PROBLEM DETAILS >>
Look through the entries below and copy exactly the part that begins with the line containing "Muzakir Manaf, yang" and ends with the line containing "Tintype Photograph of". Do not copy the pictures.

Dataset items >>
=== Section Start ===

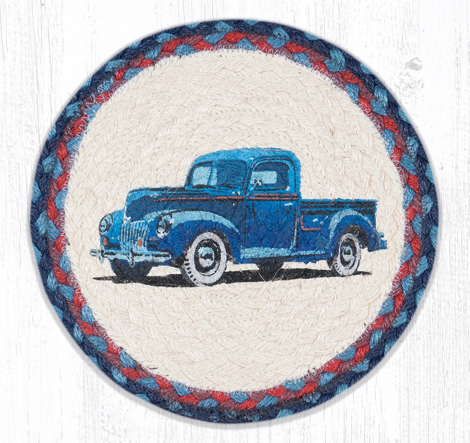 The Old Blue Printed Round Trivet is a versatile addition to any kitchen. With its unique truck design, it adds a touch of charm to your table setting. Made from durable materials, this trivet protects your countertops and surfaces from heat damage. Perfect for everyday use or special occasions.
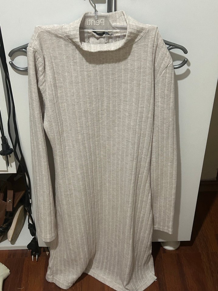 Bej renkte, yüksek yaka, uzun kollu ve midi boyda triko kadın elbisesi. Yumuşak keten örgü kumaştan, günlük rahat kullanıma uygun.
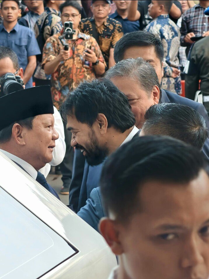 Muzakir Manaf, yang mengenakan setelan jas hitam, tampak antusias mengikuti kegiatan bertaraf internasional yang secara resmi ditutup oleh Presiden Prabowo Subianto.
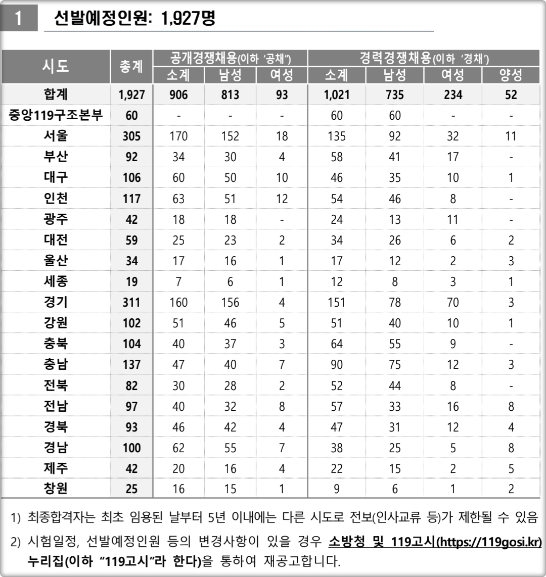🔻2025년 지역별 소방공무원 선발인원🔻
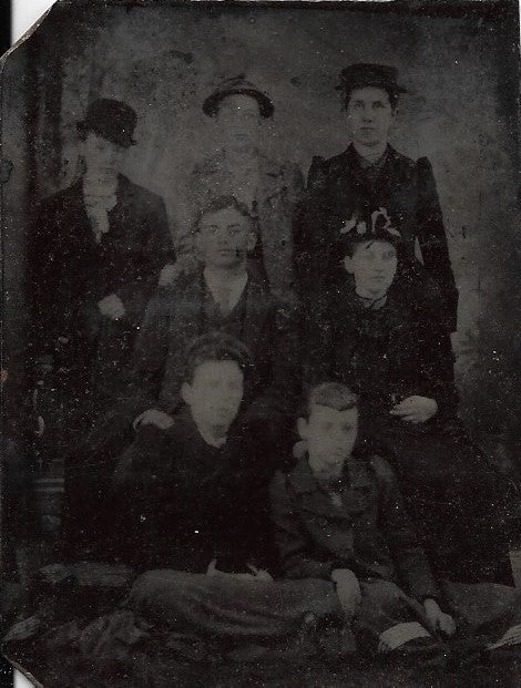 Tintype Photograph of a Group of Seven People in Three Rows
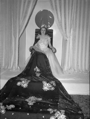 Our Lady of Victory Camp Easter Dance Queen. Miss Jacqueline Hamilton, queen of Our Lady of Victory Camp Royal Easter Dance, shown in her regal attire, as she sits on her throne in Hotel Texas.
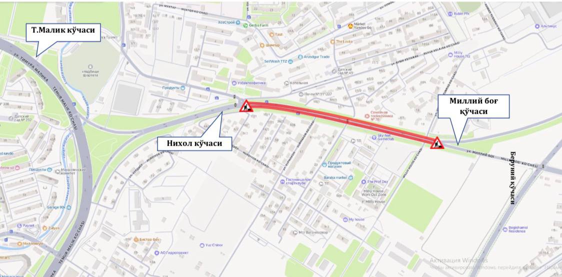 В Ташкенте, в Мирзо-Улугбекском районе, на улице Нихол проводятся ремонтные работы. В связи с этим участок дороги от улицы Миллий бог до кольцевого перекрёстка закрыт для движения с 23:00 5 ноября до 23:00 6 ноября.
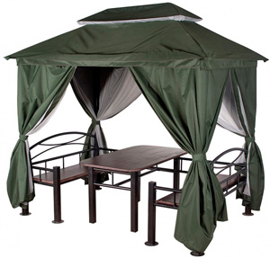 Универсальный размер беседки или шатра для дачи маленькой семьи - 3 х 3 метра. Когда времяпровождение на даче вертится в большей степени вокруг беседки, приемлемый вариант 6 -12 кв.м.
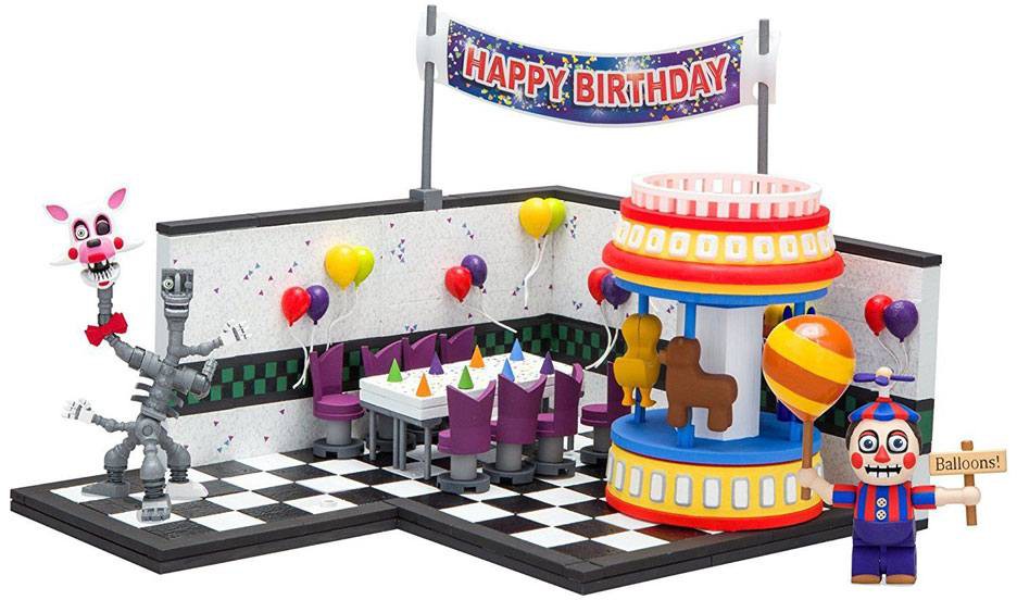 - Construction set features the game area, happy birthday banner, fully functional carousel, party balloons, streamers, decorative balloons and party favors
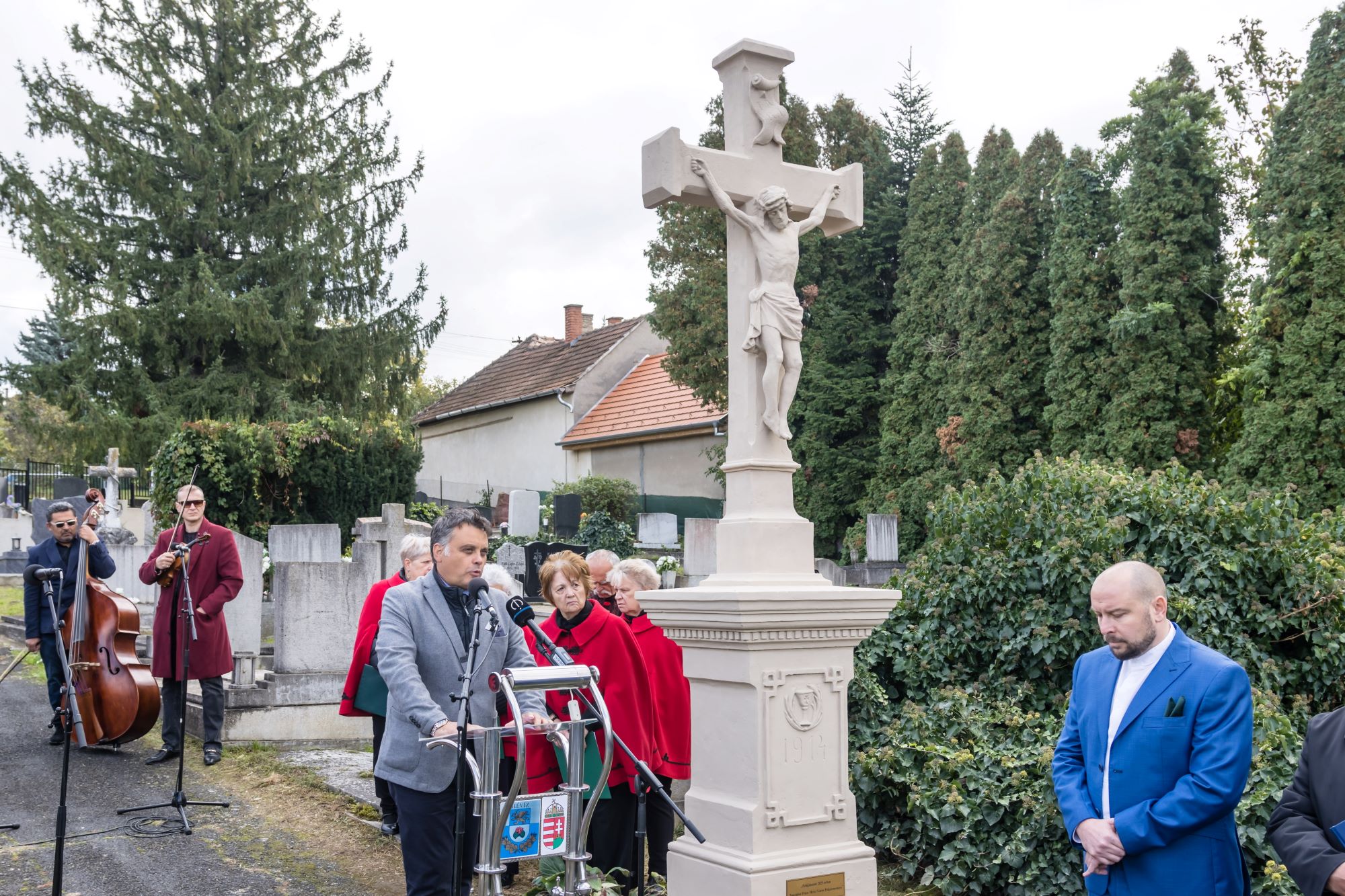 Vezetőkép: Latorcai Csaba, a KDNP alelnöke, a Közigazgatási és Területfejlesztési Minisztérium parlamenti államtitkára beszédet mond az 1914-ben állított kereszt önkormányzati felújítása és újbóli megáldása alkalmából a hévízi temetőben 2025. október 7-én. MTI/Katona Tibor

=== Section End ===

EXERCISE SOLUTION >>
 Muzakir Manaf, yang mengenakan setelan jas hitam, tampak antusias mengikuti kegiatan bertaraf internasional yang secara resmi ditutup oleh Presiden Prabowo Subianto.
🔻2025년 지역별 소방공무원 선발인원🔻
 Tintype Photograph of a Group of Seven People in Three Rows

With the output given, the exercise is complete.